Sedley Taylor Road is a road in west Cambridge, England. It is reputedly one of the most expensive in the UK and the most expensive in East Anglia. The road was built on land owned by Trinity College and named after one of its professors, Sedley Taylor (1834–1920).

No 31 was the home of Nobel Prize-winning physicists Sir Nevill Mott and Sir John Cockcroft. No 12 (Tretherbyn) was home to explorer and archaeologist Tom Lethbridge. Alcantara, a house near the South end of the street, is grade II listed.

No 22 was built by architect S E Urwin for his own use.

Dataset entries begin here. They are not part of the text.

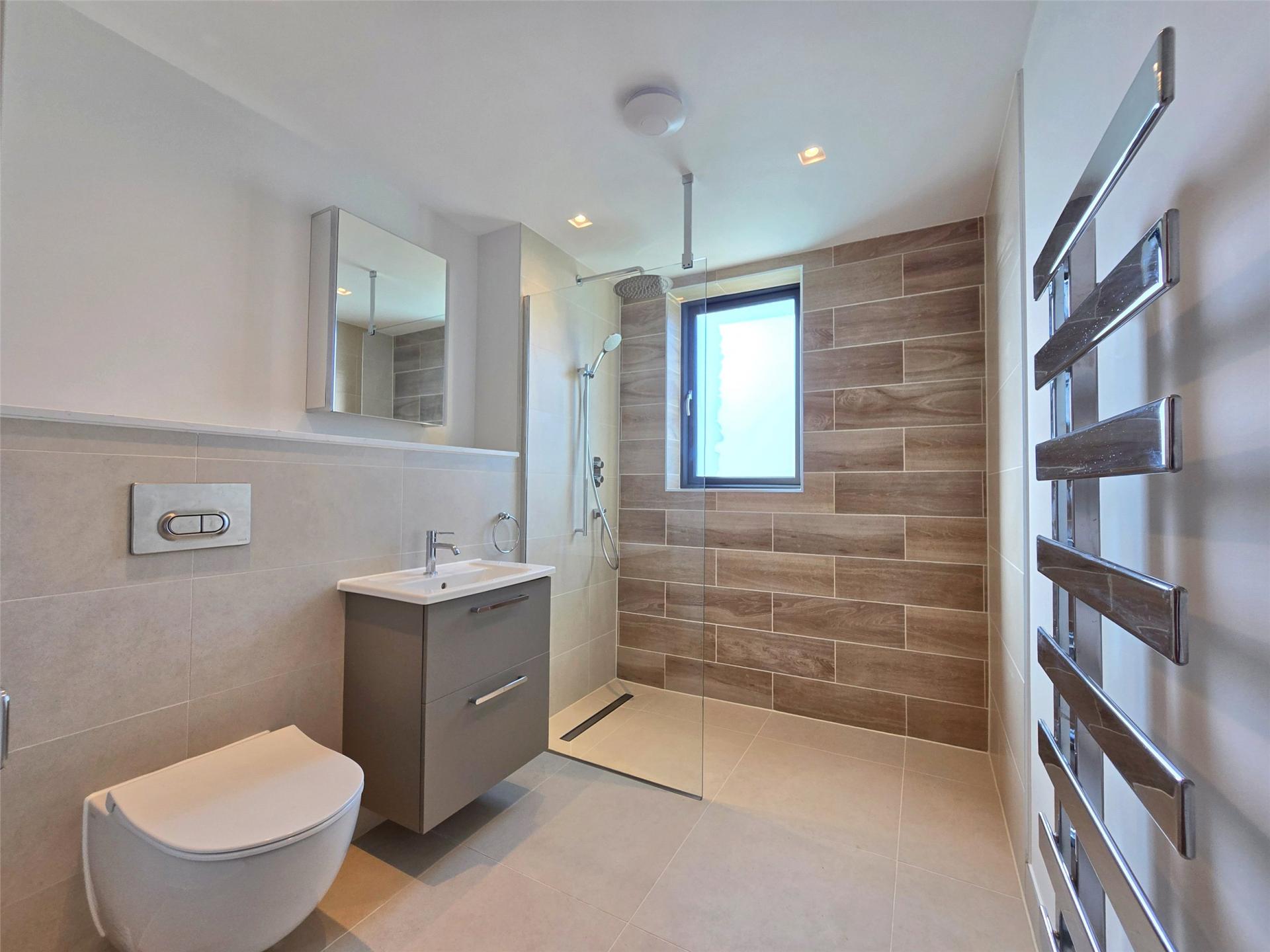 Attractive part tiled walls with feature tiled wall, tiled flooring with underfloor heating. Fixed glass shower screen, mains fed shower with large soak head and separate hand attachment, wall hung vanity unit, wall hung toilet bowl with concealed cistern and a chrome wall mounted heated towel rail.
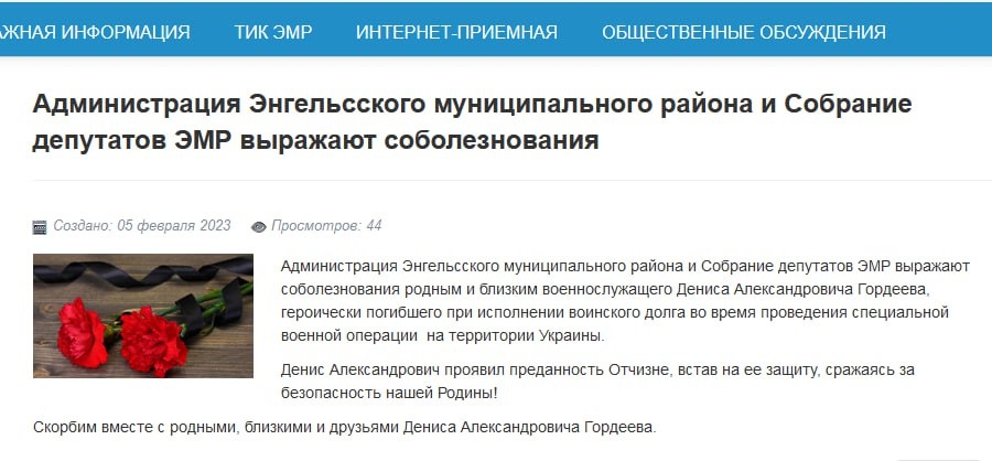 В ходе специальной военной операции погибли Денис Гордеев из Энгельсского района и Александр Ястребов из Аркадакского района Саратовской области.
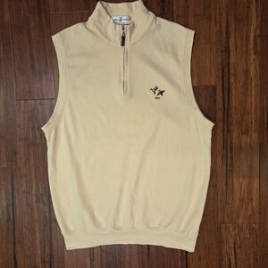 Fairway and Greene 1/4 Zip Pullover Golf Vest 100% Pima Cotton Men's Medium. Gently used in a pale yellow color. Meaurements shown in inches and are for pit to pit and length (shoulder to hem).
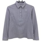 キャロウェイ 長袖ポロシャツ ネイビー×白 ストライプ柄 レディース M ゴルフウェア Callaway
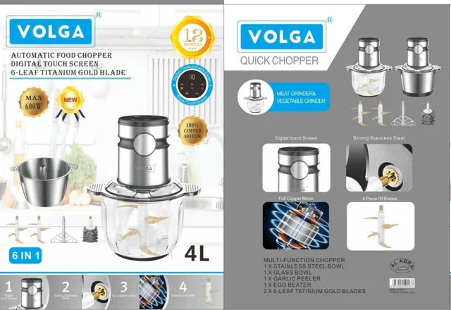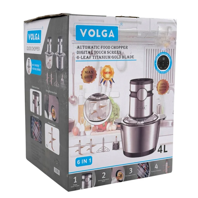 خردکن 4 لیتری ولگا با ظرفیت مناسب 4 لیتر، طراحی ارگونومیک و تیغههای تیز استیل، امکان خرد کردن سریع و یکنواخت انواع سبزیجات، میوهها و مواد غذایی را فراهم میکند. دستگاهی کاربردی و با کیفیت برای استفاده در خانه و آشپزخانههای کوچک.
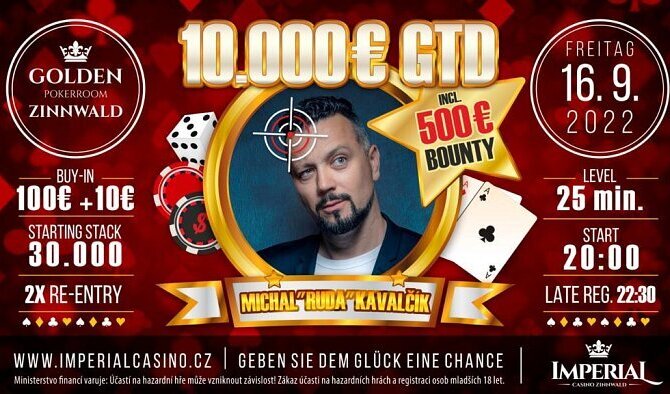Páteční večer si zahrajete na Cínovci minimálně o garantovanou částku €10.000. Buy-in do večerního turnaje čítá pouze €110, navíc se všichni zúčastnění mohou těšit na bounty €500 na VIP hráče - Michala Kavalčika.
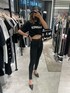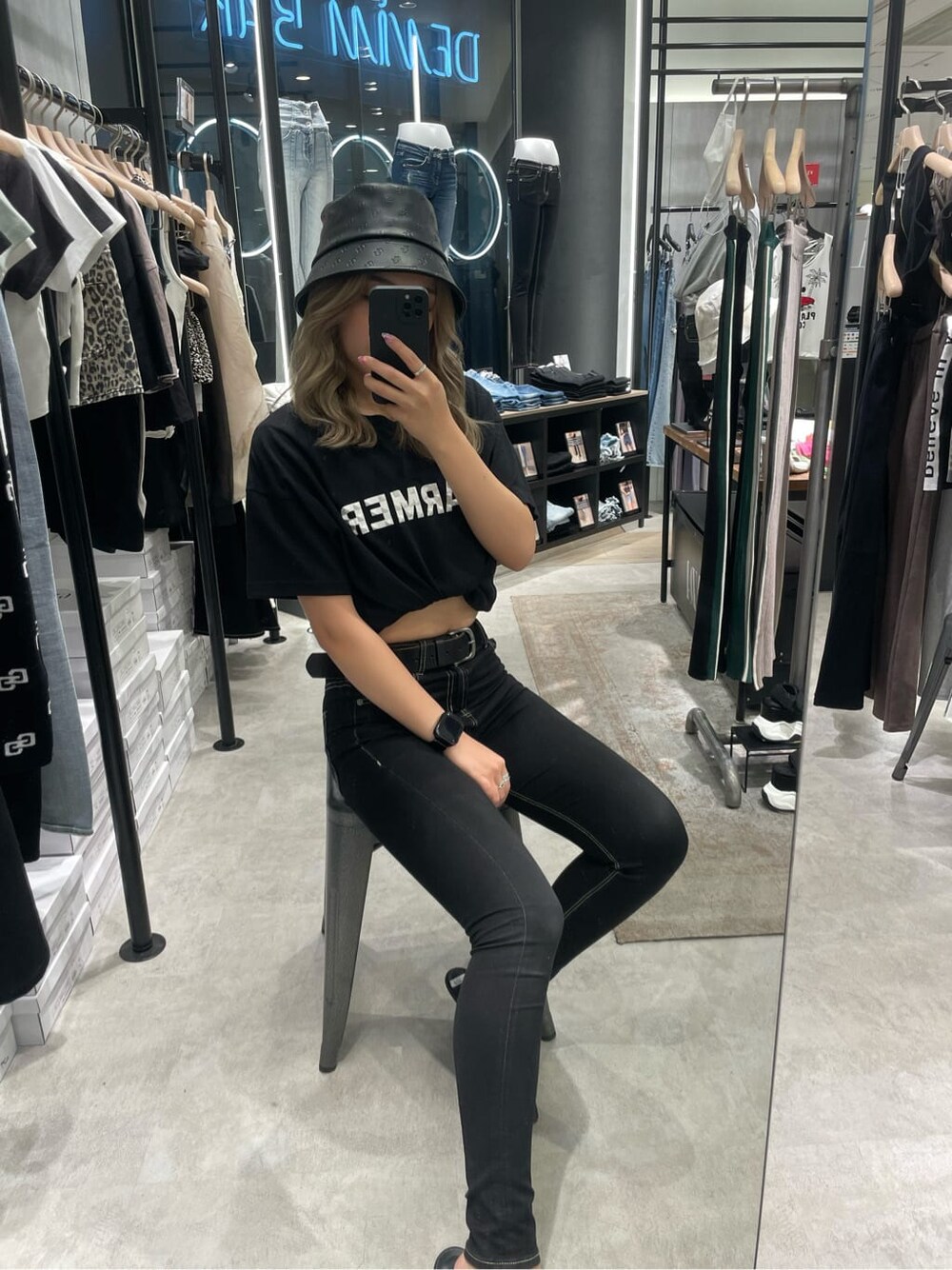 夏のオールブラックコーデ❤︎ 【TOPS】胸元のロゴにスタッツが付いた私もリアバイしたTシャツです!丈感は160センチでお尻が隠れるくらいですが、オーバーサイズすぎないのでパンツインもしやすいですよ。スタッツは柔らかくまたロゴと同系色なので、主張しすぎず着回しも◎です。私はTシャツアレンジをして、織り込んで夏らしく肌見せしました! 【スキニー】GYDAで定番人気アイテムのひとつです。ストレッチ性が高く、柔らかいスキニーです。とにかく履きやすく、リピートで買われる方が多いです!普段のデニムより、伸縮性があるのでワンサイズ下がる方が多くいます。ホワイトステッチも3センチ内側にデザインされているので、脚長効果もありますよ! 【ミュール】GYDAで定番のポインテッドミュール。デニムとの相性が特に良く、足が綺麗に見えるようにヒールの高さなど拘ってデザインされています。私は24.0センチで足幅が広いので、Lサイズを履いています! 【ハット】大人気のGGの総ロゴデザイン!!フェイクレザーの素材になっています。コロンとしていて、ベーシックな形なので、普段バケットハットをかぶらない私でも挑戦しやすかったです!
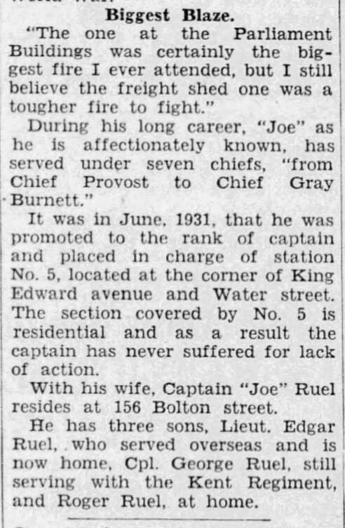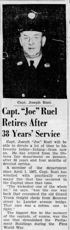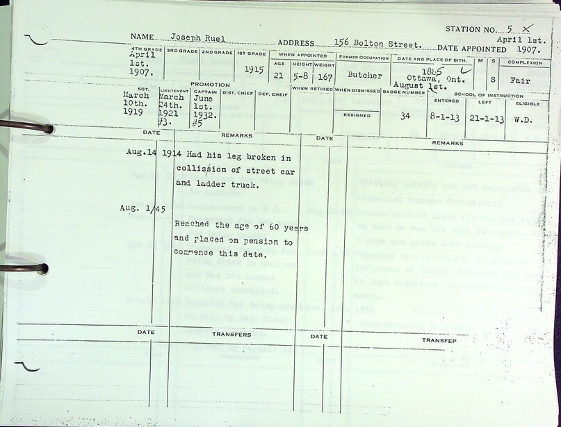 Joseph Ruel personal file with the Ottawa Fire Department
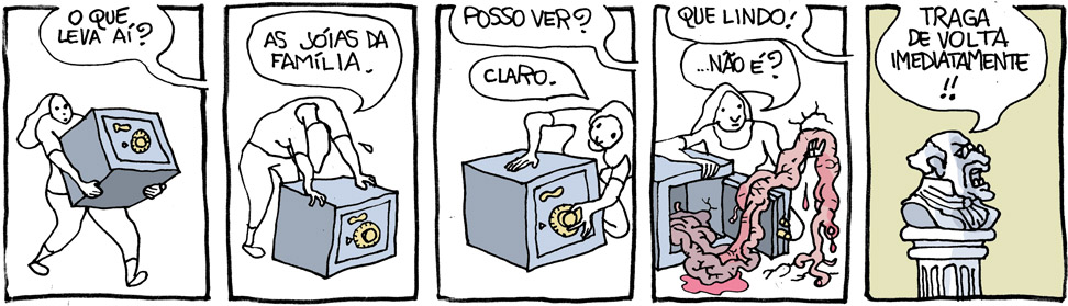 Bixo, tem um busto antigo que provavelmente é antigo e da família do pessoal da charge. Essas tripas e tals saindo são coisas escondidas que o busto não transmite pois o ele apenas apresenta a glória e riqueza para quem vê
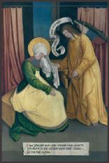 (v.l.n.r.): Anna und ihr Gatte Joachim begegnen sich unter der Goldenen Pforte. Die Flügel-Reproduktionen im Chor von St. Anna im geschlossenen Zustand. Die Flügel-Reproduktionen im Chor von St. Anna im geöffneten Zustand.
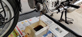 Moottorille annoin sisäpesun ennen öljynvaihtoja. Itse ostin motonetista Motox moottorin sisäpesuainetta. Sitä ohjeen mukainen määrä moottoriin moottoriöljyjen sekaan ja pyörä käymään pihalle joksikin aikaa. Sen jälkeen öljyn valutus pois ja öljyjen sekä suodattimen vaihto.
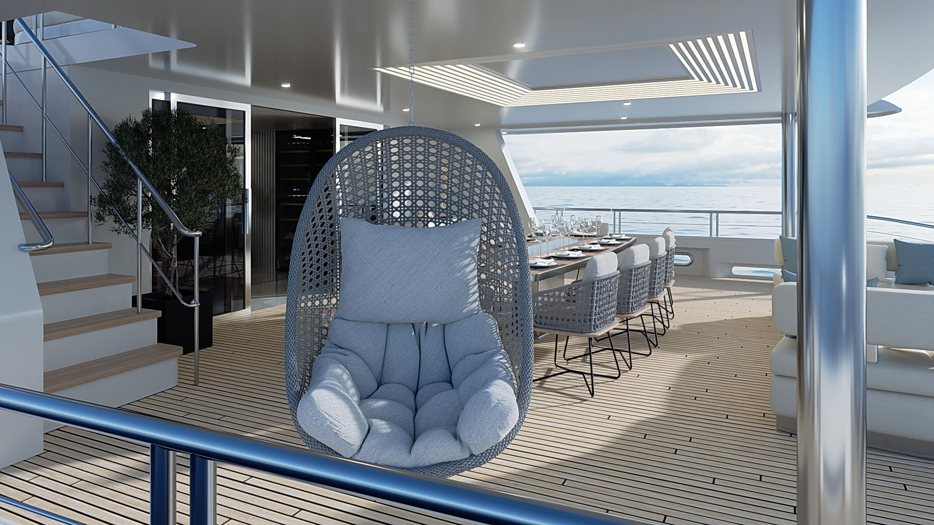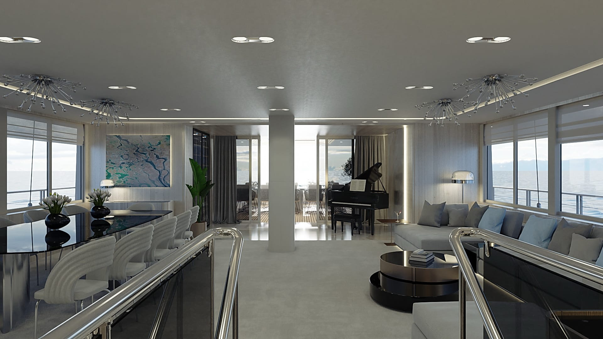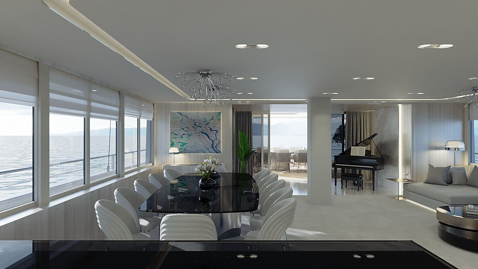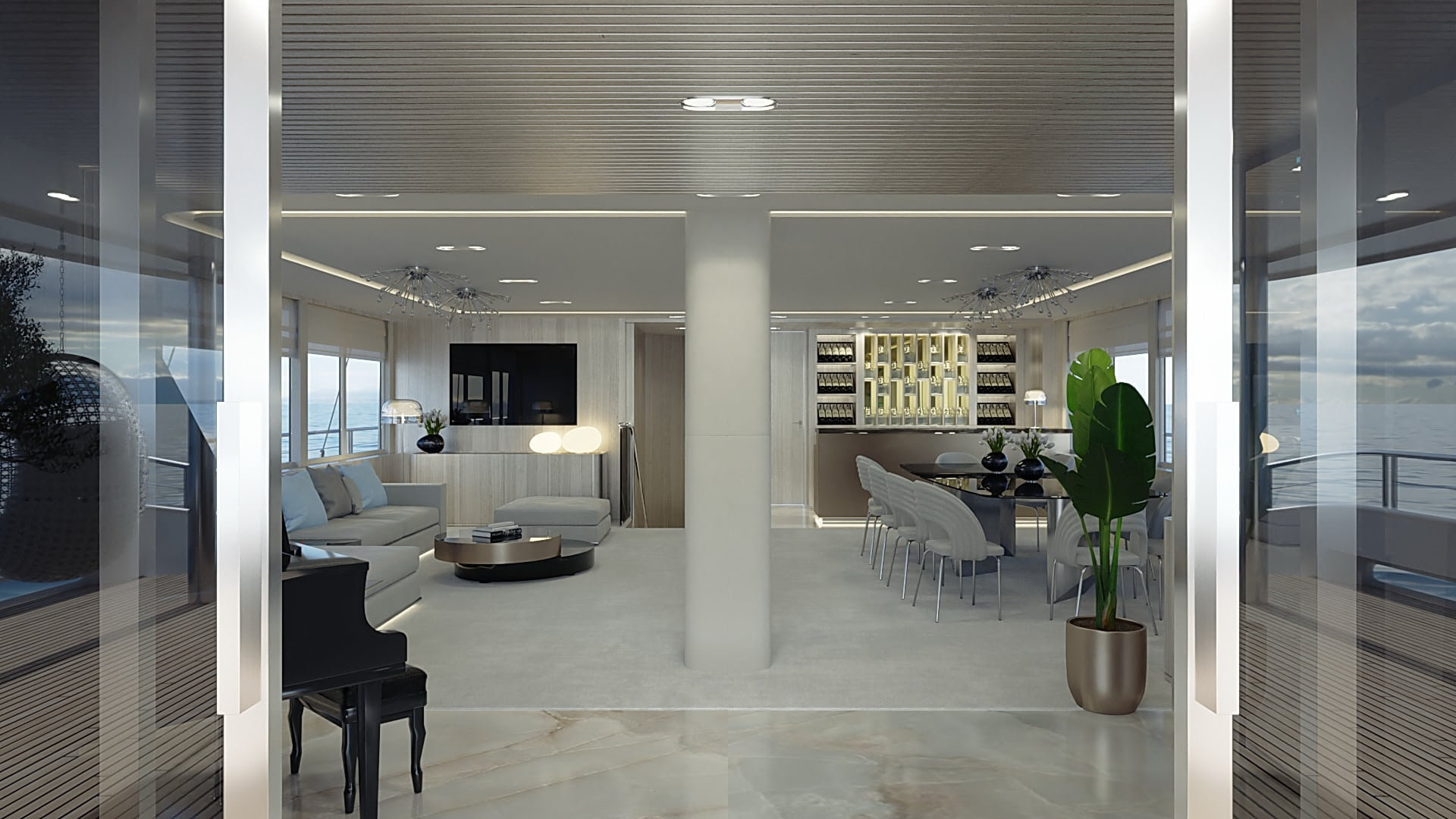 Onboard comfort reaches new heights with amenities like a grand piano, creating an ambiance of sophistication. The deck jacuzzi invites you to unwind with a glass of champagne, while underwater lights add a touch of spectacle after dark. Stay connected with Wi-Fi, and enjoy climate-controlled comfort with air conditioning on this radez luxury charter.

The street numbering is consecutive, starting at 1 on the West side at the North end counting to 23 at the South end. 24 to 44 are on the East side of the road, but until 2009 there was no number 30. The postcode on the planning consent for No 30 also illustrates that postcodes in the road were changed in 2007, from CB2 2xx to CB2 8xx, and older documents referring to the street may therefore not use a correct postcode. The East side houses formerly had direct access to the Perse School playing fields but that ended when a rabbit fence was erected in the playing fields in 2011. Speed reduction measures including "gates" (limiting the road to half-width) and humps were installed in 2009.

In 2012, residents unsuccessfully opposed plans for a new sports pavilion in the land to the West of the road.

Sedley Taylor Road is mentioned in Tom Sharpe's book Grantchester Grind as the home of the widow of local solicitor, Waxthorne.